Nathaniel Mayer Rothschild was the eldest son of Baron Lionel de Rothschild (1808–1879) and Baroness Charlotte von Rothschild (née von Rothschild). His paternal grandparents were Nathan Mayer Rothschild, after whom he was named, and Hannah Barent-Cohen, daughter of Levy Barent Cohen. His maternal grandparents were Carl Mayer von Rothschild (1788–1855) and Adelheid Herz (1800–1853). Through both of his grandfathers, who were brothers, he was the great-grandson of Mayer Amschel Rothschild (1744–1812), founder of the dynasty.

In his youth, Rothschild was a Captain in the Buckinghamshire Yeomanry. He was educated at Trinity College, Cambridge, where he was a friend of the Prince of Wales (later Edward VII), but left without taking a degree.

Career
Rothschild worked as a partner in the London branch of the family bank, N M Rothschild & Sons, and became head of the bank after his father's death in 1879.  During his tenure, he also maintained its pre-eminent position in private venture finance and in issuing loans to the governments of the US, Russia and Austria. Following the Rothschilds' funding of the Suez Canal, a close relationship was maintained with Benjamin Disraeli and affairs in Egypt.
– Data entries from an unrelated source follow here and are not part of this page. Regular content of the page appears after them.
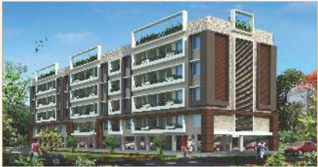
City Homes | Apartment Project | Khandagiri, Bhubaneswar
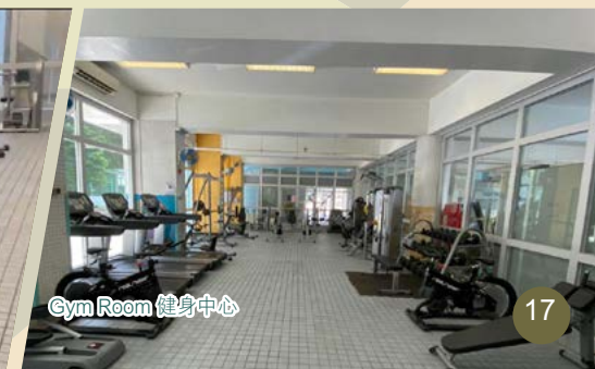
Gym Room 健身中心
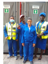
Streetscapes Partnership With CCID
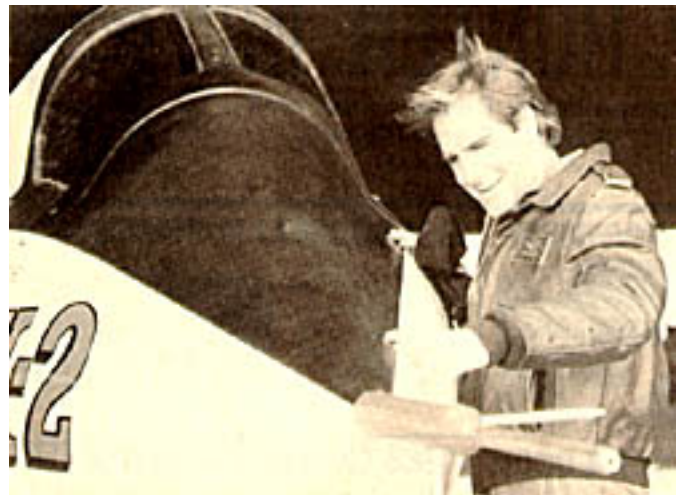
Scott Bakula of "Quantum Leap" pictured at Edwards AFB with a mock-up of the X-2

Other various and sundry productions occurred about this time. The series "Steve Canyon" (1958-60) starring Dean Fredericks, brought the comic strip character to television. A photo in the Edwards History Office archives captures a scene shot on the lakebed.
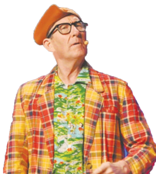
Harley Worhtit Live!!- Sept 23
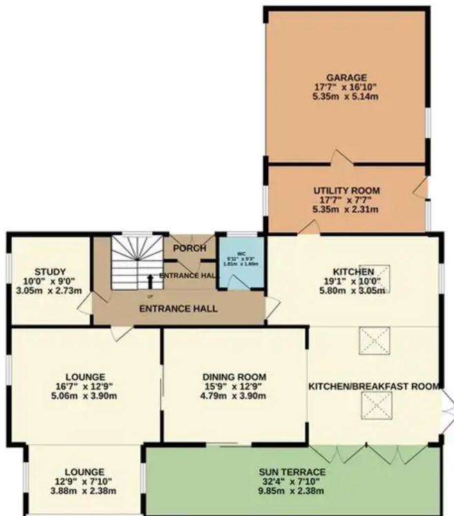
GROUND FLOOR 1597 sq.ft. (148.3 sq.m.) approx.
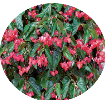
DRAGON WING BEGONIA
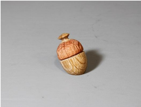
Jim Barbour – Oak Maple Box
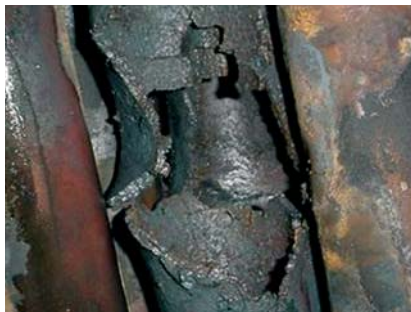
Tube burst due to short-term overheating
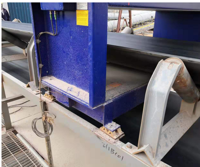
The divisible coil ensures easy integration into existing product lines.

shutdowns due to machine defects or false alarms. The direct and indirect costs from customers have significantly decreased, since the inspection.
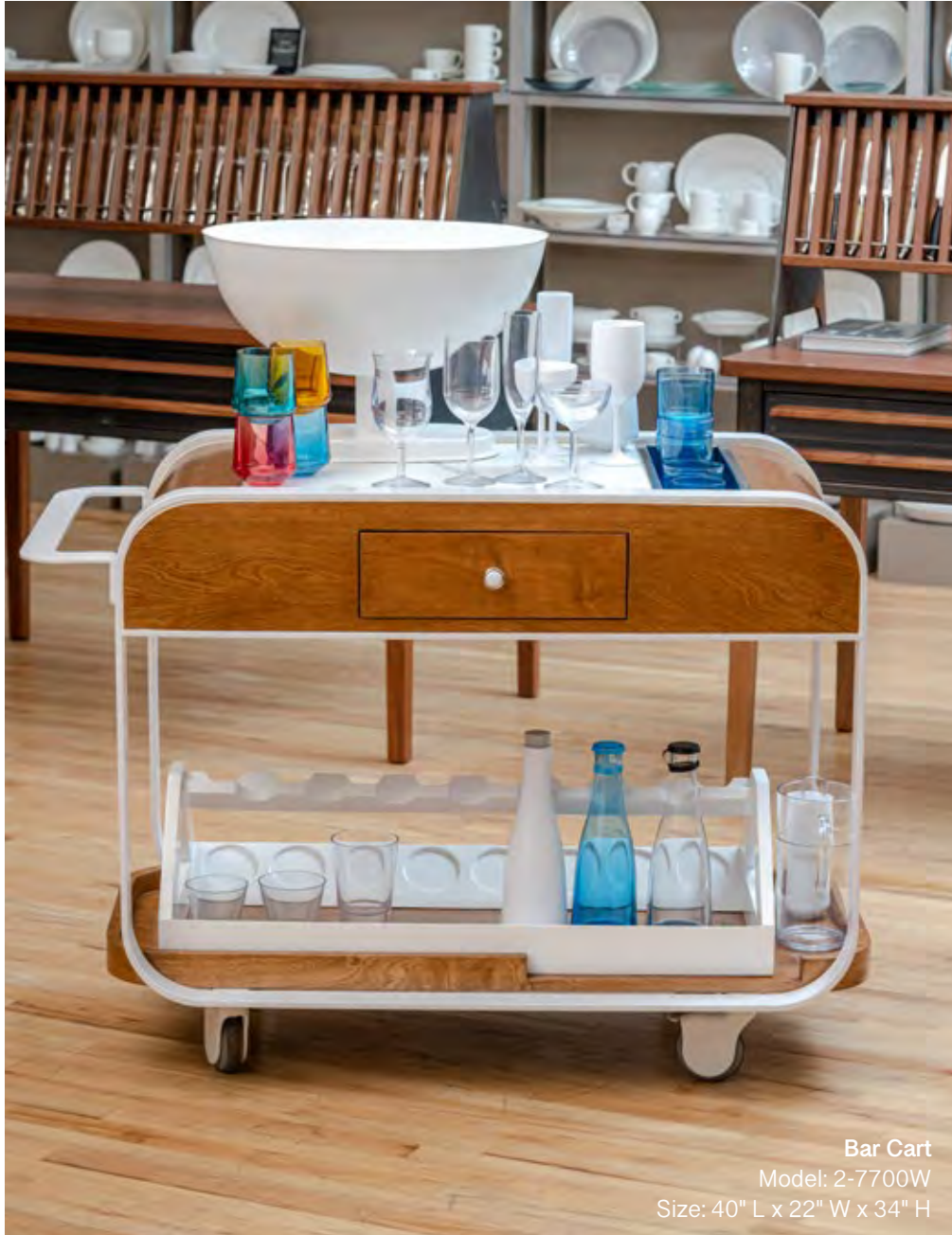
Bar Cart Model: 2-7700W Size: 40" L x 22" W x 34" H

“Create an experience your guests will remember with RCP Design’s custom hospitality carts. Made in the USA, each cart is specifically designed to satisfy your needs and constructed of high quality materials that are built to last. Perfect for wine service, tableside guacamole, desserts and more, these carts are sure to elevate your food service presentation. Steelite International is pleased to partner with RCP Design and proudly represent these eye-catching carts in our showrooms – Chicago, Los Angeles, New York, Washington D.C., and Youngstown, Ohio. Schedule an appointment today to check them out!”
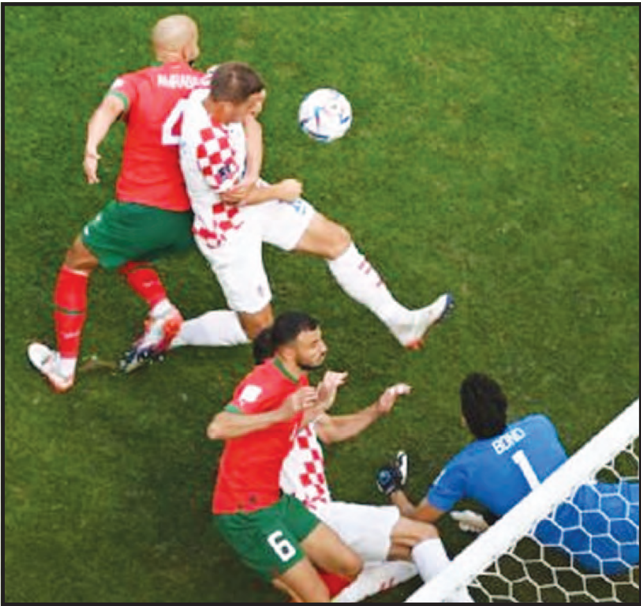
Croatia and Morocco could not breakthrough in front of goal

exercise caution following Saudi Arabia's shock win over Argentina, a result Morocco captain Romain Saiss said had "opened the door" for the tournament's less-fancied teams. Morocco took the game to a Croatia side featuring four players who started the 2018 final but struggled to create genuine chances against a defence marshalled by the experienced Dejan Lovren. Azzedine Ounahi strangely opted against shooting when well placed inside the area, with Hakim Ziyech and Achraf Hakimi heavily involved down the right without exerting undue pressure on Croatia. Ivan Perisic fired just over from distance for Croatia after intercepting a dreadful pass from Selim Amallah, while goalkeeper Yassine Bounou blocked well with his legs to deny Nikola Vlasic from close range. Modric, the former Ballon
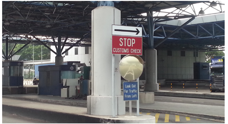
The new sign at Changi Airfreight Centre directs drivers to the designated lane for customs clearance of their goods.

In addition, Singapore Customs also briefs new prime-mover drivers on customs procedures twice a month, as part of an initiative with PSA Corporation. The agency aims to strengthen self-compliance of customs regulations among traders with these measures.
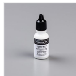
Whisper White Craft Stampin' Ink Refill - 101780
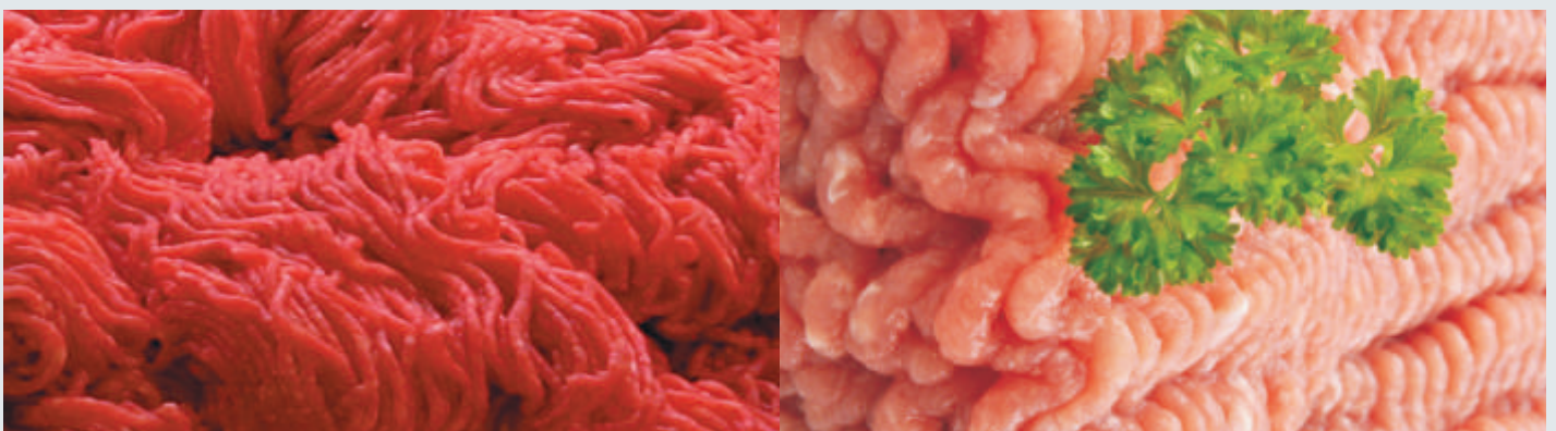
Visually appealing & Long Shelf Life Mince without preservatives

Rothschild also funded Cecil Rhodes in the development of the British South Africa Company and the De Beers diamond conglomerate. He later administered Rhodes' estate after Rhodes' death in 1902 and helped to set up the Rhodes Scholarship scheme at the University of Oxford. He was a prominent member of the Round Table movement, created in 1909.

A noted philanthropist, Rothschild was heavily involved with the foundation of the Four Per Cent Industrial Dwellings Company, a model dwellings company whose aim was to provide decent housing, predominantly for the Jews of Spitalfields and Whitechapel. He also served as a trustee of the London Mosque Fund until his death.  From 1889 until his death, he was Lord Lieutenant of Buckinghamshire and was well known as an agriculturist.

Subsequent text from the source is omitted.